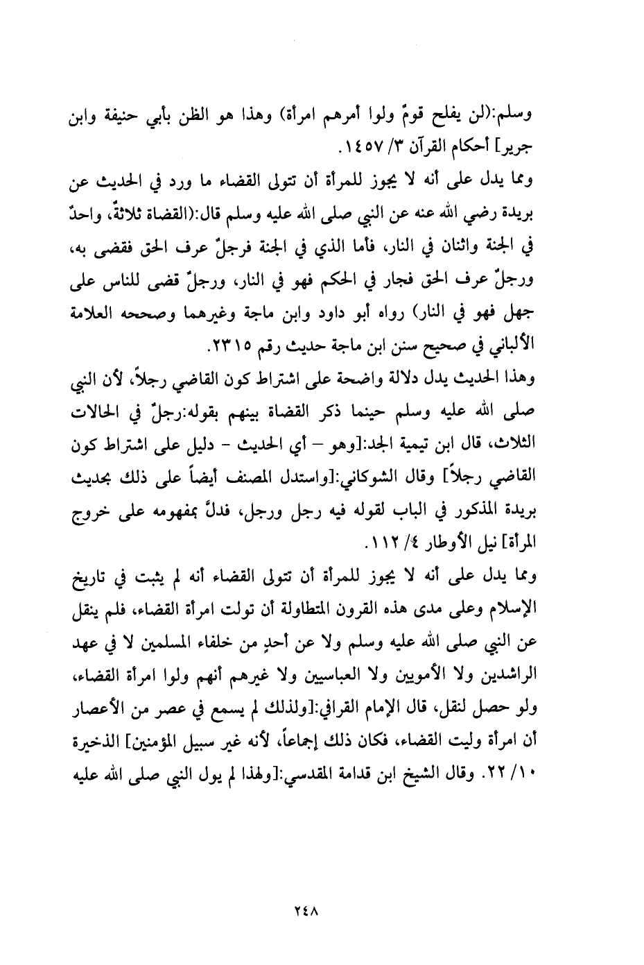 وسلم: (لن يفلح قومٌ ولوا أمرهم امرأة) وهذا هو الظن بأبي حنيفة وابن جرير] أحكام القرآن 3/ 1457.
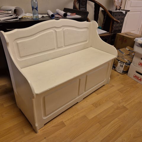 Fin hvit benk/brisk med stort rom til oppbevaring. Litt slitasje på armlene.
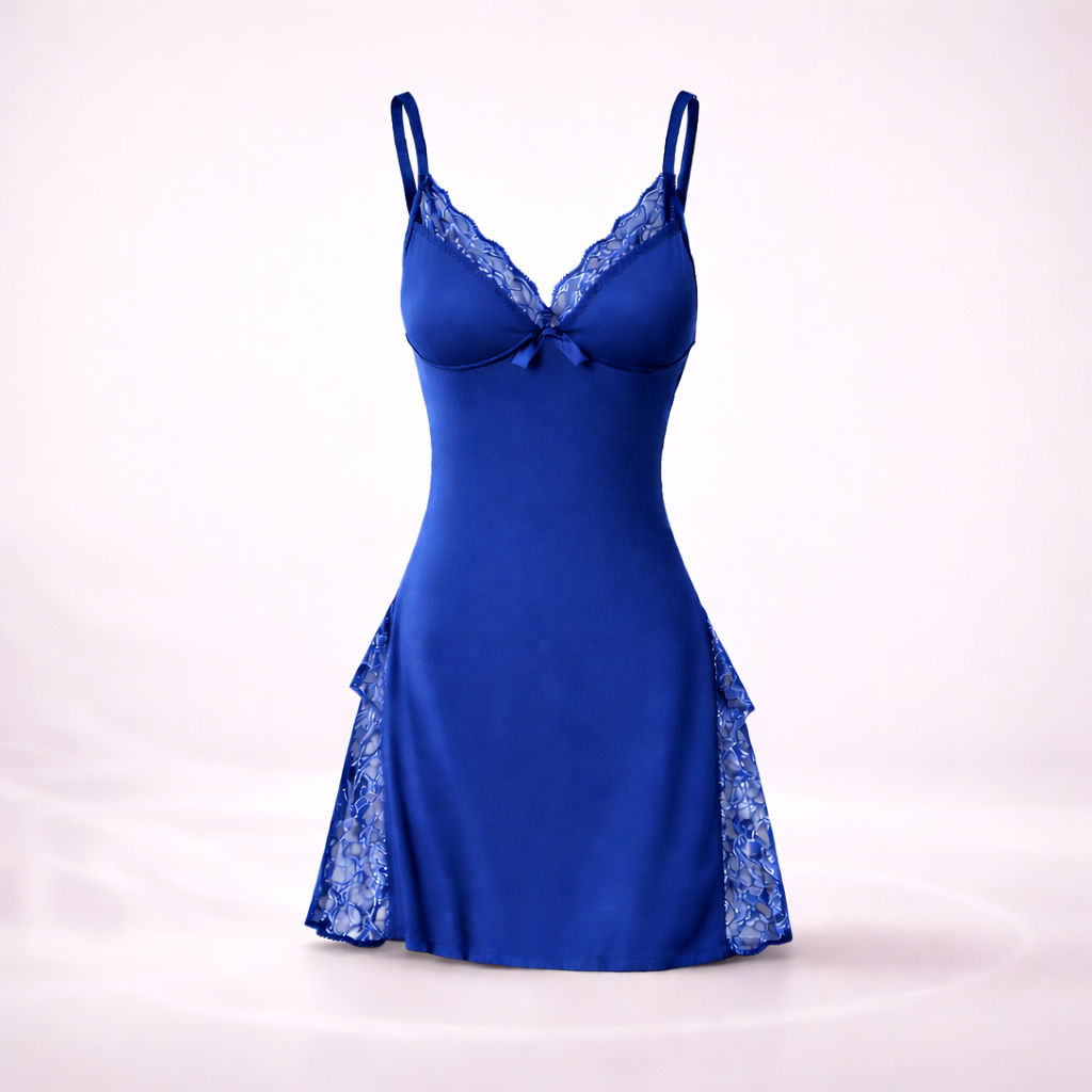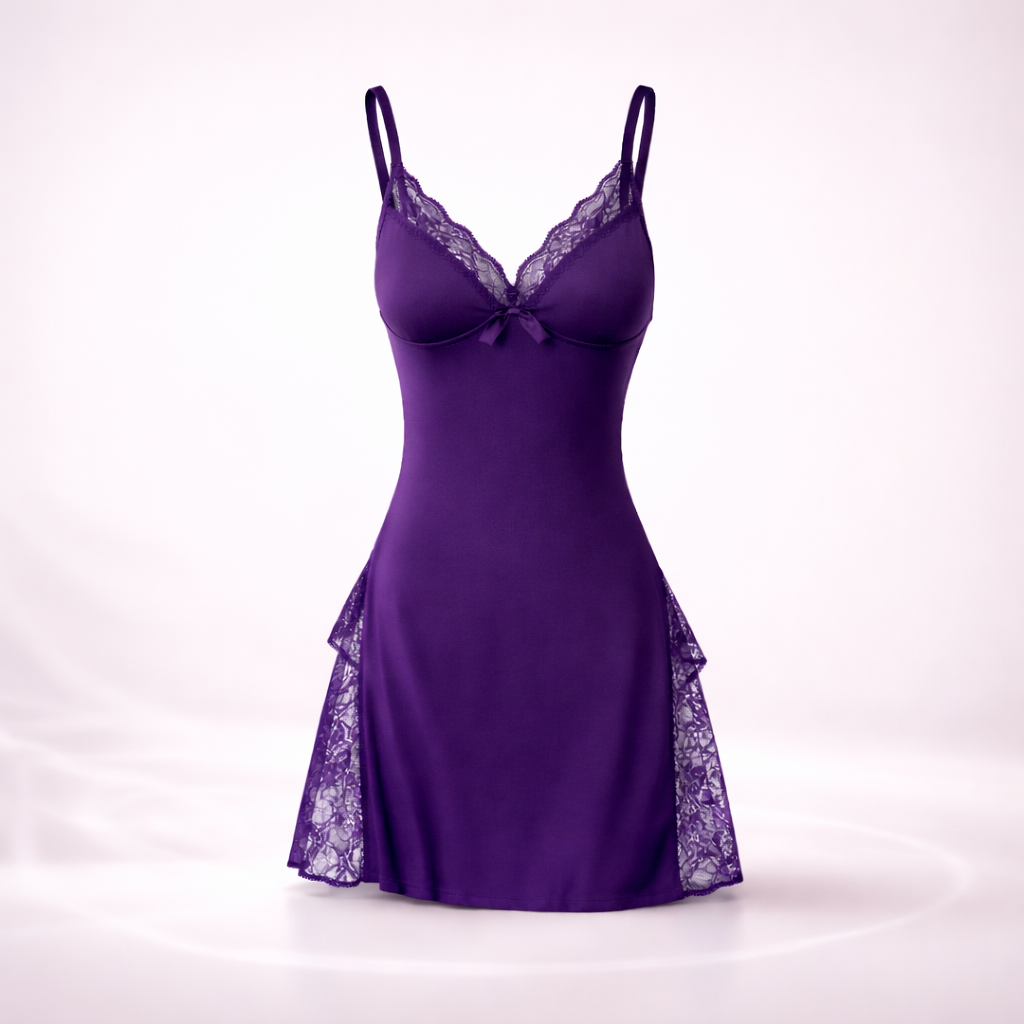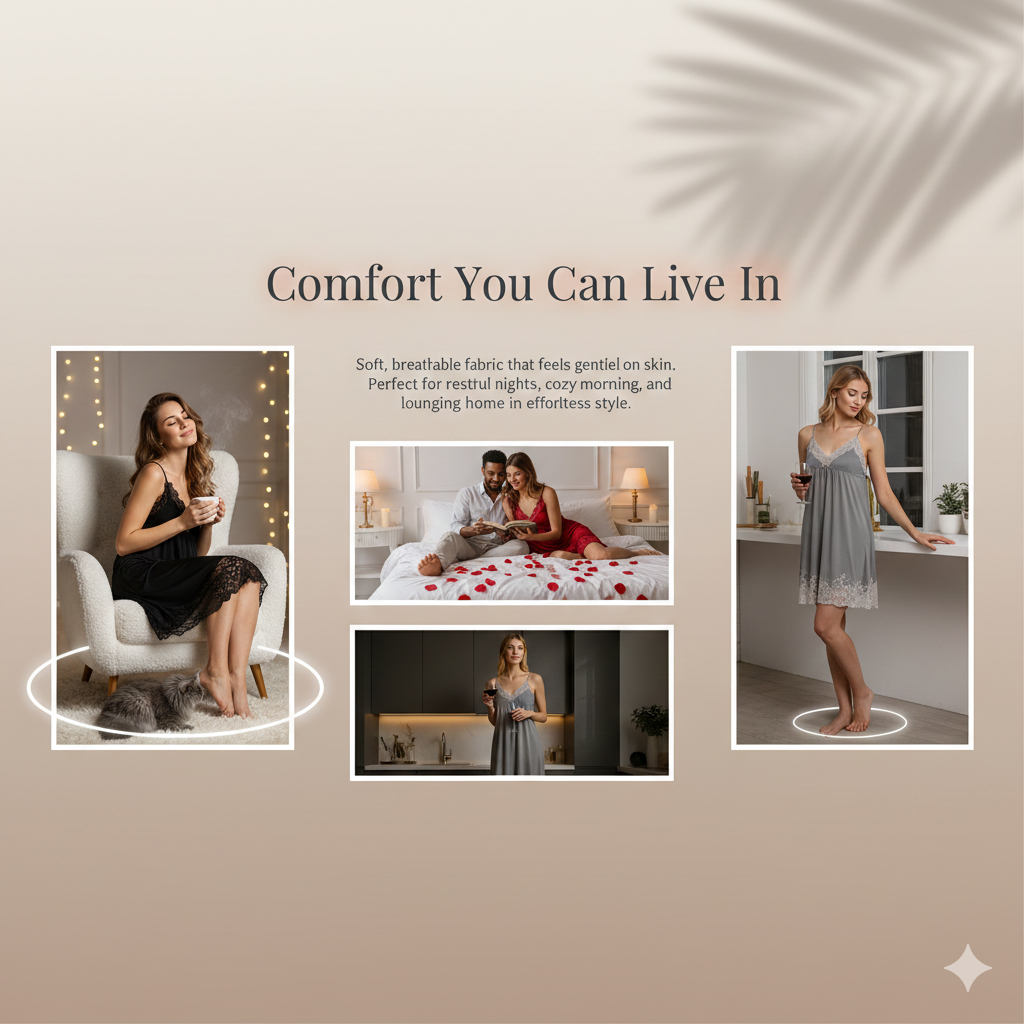 The delicate fabric brushed gently against her skin as she moved closer, the side slit revealing just enough to make the moment linger. Comfortable enough to lounge… bold enough to be remembered.
━━━━━━━━━━━━━━━━━━━━━━━━━━━━━━
EXERCISE OBJECTIVE:
Restate the listing above word for word. Leave the images out.

RESULT BELOW:
 وسلم: (لن يفلح قومٌ ولوا أمرهم امرأة) وهذا هو الظن بأبي حنيفة وابن جرير] أحكام القرآن 3/ 1457.
 Fin hvit benk/brisk med stort rom til oppbevaring. Litt slitasje på armlene.
 The delicate fabric brushed gently against her skin as she moved closer, the side slit revealing just enough to make the moment linger. Comfortable enough to lounge… bold enough to be remembered.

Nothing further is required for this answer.